Но вероятность все же есть.
Кондитер старый умер. Но —
его исчезновенье вряд ли
заметит кто-то, кроме близких
и, может быть, одной старушки
из нашего кафе «Вецрига»…
(Перевод Ю. Мориц)
Это барочный мотив с булочными и бакалеями, картушами, тяжелыми бюстами, и чем роскошнее, тем грустнее, ибо ограниченность этого мира, мгновенность его торжества, дает темный подмалевок под золотым пиршеством красок.
Играет белка.
Словно мысль она.
Летит на ветку с веткй.
Роняют ветки снег.
Весна?
(Перевод М. Еремина)
Странно, подумал я, прочитав это. Прямо непостижимо! Откуда в латышском тексте невольная цитата с огненной буквицей «Слова о полку Игореве»?
«И растекашеся мыслею по древу», Переписчик написал «мыслью». «Описка», — сочли исследователи. А может, «мысью», то есть белкой? («Мышью» звали ее в древности.)
Нет, поэт «Слова» знал звуковую метафору. Мысль — как мысь, то есть мысль мгновенна и огненна, как белка.
Откуда родство это? Я говорю не о масштабах, я говорю о родстве поэзии, родстве духа.

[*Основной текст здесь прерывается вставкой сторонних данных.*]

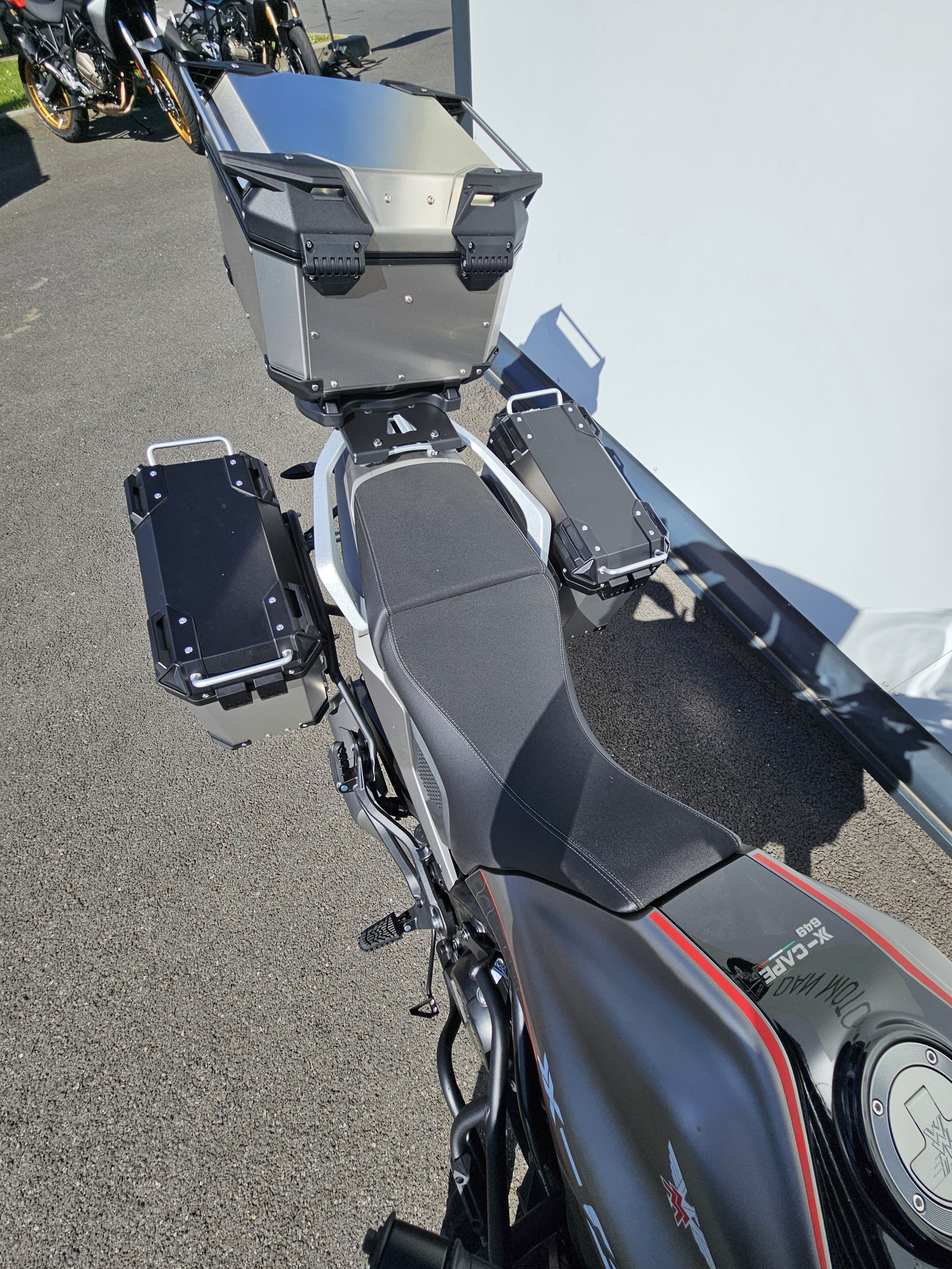 compatible Permis A2bulle haute GIVI, pare-carter GIVI, pare-mains GIVI,éclairage full Led,fourche inversée 50 mm ,durite de freins type aviation , pneus mixte ,écran TFT connecté, porte paquet avec poignées passager, livrée avec valises aluminium et top case aluminium

На часах поэтов одно время. Время Мысли.
Мне дорога Латвия, Я волнуюсь перед свиданием с ней. И одна из вспышек в ее мозаике — застенчивый голос Чаклайса. Желаю поэту новых песен, нового постижения своего непостижимого края.
Что значит писать предисловие к этому сборнику? Предисловие к нему — протяжные туманы, сосновые иголки на песке. И он — предисловие к ним.
Вы не забыли? Сверьте секундомеры по кузнечику Чаклайса.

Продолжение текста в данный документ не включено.